Stefano Folli, su Il Sole 24 Ore, ha dato un giudizio di sicuro più equilibrato e meno liquidatorio del mio, ma che condivido. Sempre dal Sole, non sembra fare sconti al nuovo Governo Guido Gentili, che ha puntato il dito sulla presenza, nella nuova compagine governativa, dei «nuovi "signori del no"».
«Non mancano i presidi di un riformismo vero. Ma colpisce il fatto che per evidenti (e per nulla sorprendenti) problemi di dosaggio politico interni alla frastagliata maggioranza si sia deciso di "spacchettare" alcuni dicasteri figli della legge Bassanini, creando nuovi ministeri per i quali sono stati nominati nuovi ministri». Anche Gentili si chiede: «E non poteva trovare collocazione migliore Emma Bonino?»
Mentre quali dovranno essere le materie su cui giudicare l'operato del Governo Prodi l'ha spiegato su La Stampa Luca Ricolfi.

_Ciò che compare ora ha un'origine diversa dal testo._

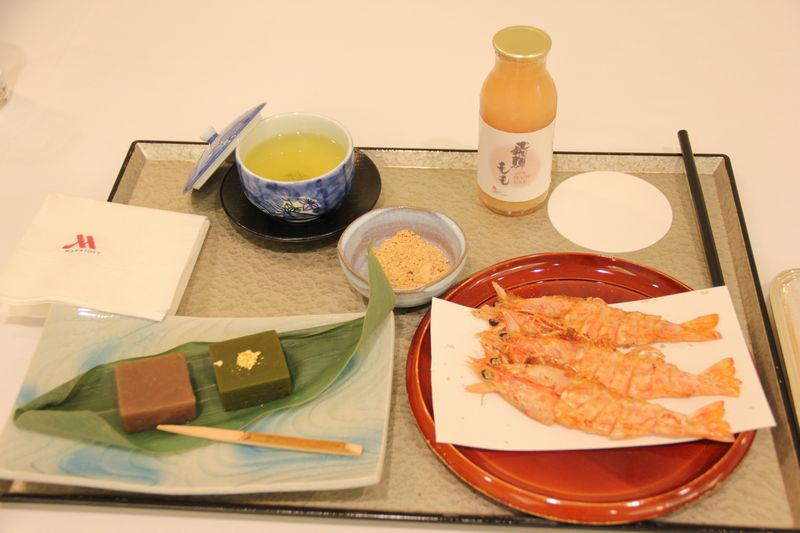 15時、両対局者におやつが用意されました。藤井王座は「モーモーチャ−チャー&名古屋コーチンのエッグタルト」、伊藤叡王は「名古屋土産セット」。飲み物はともに飛騨桃100%ジュースを注文しています。
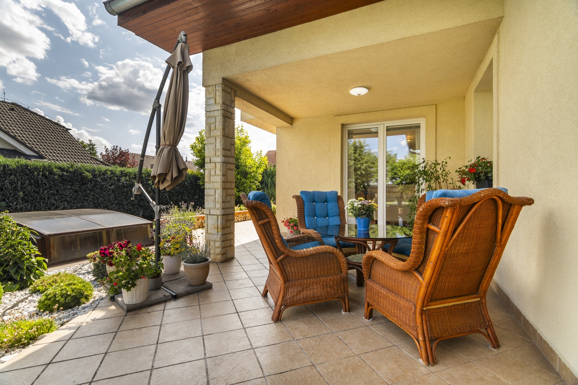 Na zahradě ještě nachází garáž a na ní navazující pergola. Zde je dostatek místa jak pro pohodlné sezení, tak pro vestavěný gril.

P.S. Intanto, il mio intervento di ieri su Il Foglio ha incassato il plauso di Luigi Castaldi, che in particolare ha apprezzato la radicalità della mia analisi sul «profilo tattico» tenuto dalla Rosa nel Pugno dopo le elezioni. E osserva:
«Ogni metodo tattico appare (quand'anche non sia) opportunistico, se non è chiara la piattaforma strategica; l'ambiguità, insomma, e quanto di pernicioso deriva da essa in termini di immagine che si offre all'esterno e agli alleati in una compagine di governo, impone che la tattica non sia scollata dal progetto, non sia (né appaia) ondivaga...»Il post di Malvino è lungo e va letto tutto. Se anche «l'opzione tattica» (il voto autonomo sulle iniziative legislative del governo Prodi che avessero contraddetto l'elaborazione programmatica della Rosa nel Pugno e l'appoggio esterno su quelle che le avessero accolte) fosse stata presa in considerazione, «dev'essersi deciso per il no. Il bluff (questo il termine col quale si sbriga solitamente un'opzione debole) era – appunto – debole. Il problema, soprattutto dopo la lettura dell'articolo di Federico Punzi, resta: era debole, quel bluff, se era un bluff?»
Comunque, non ho mai temuto - nell'esprimere le mie osservazioni - eventuali «strumentalizzazioni interessate» di avversari e nemici della Rosa nel Pugno. Le considero un danno minore rispetto a quello provocato da una specie d'"autocensura" nel dibattito aperto dell'agorà telematica. Rinunciare, per timore di venire strumentalizzati, mi sa un po' di complesso d'inferiorità. Ho fiducia che i miei argomenti, le mie idee, si sappiano distinguere agli occhi di uno spirito critico e di una mente libera da pregiudizi, perché di solito le strumentalizzazioni sono anche rozze. E, per i dubbi, sono sempre a disposizione.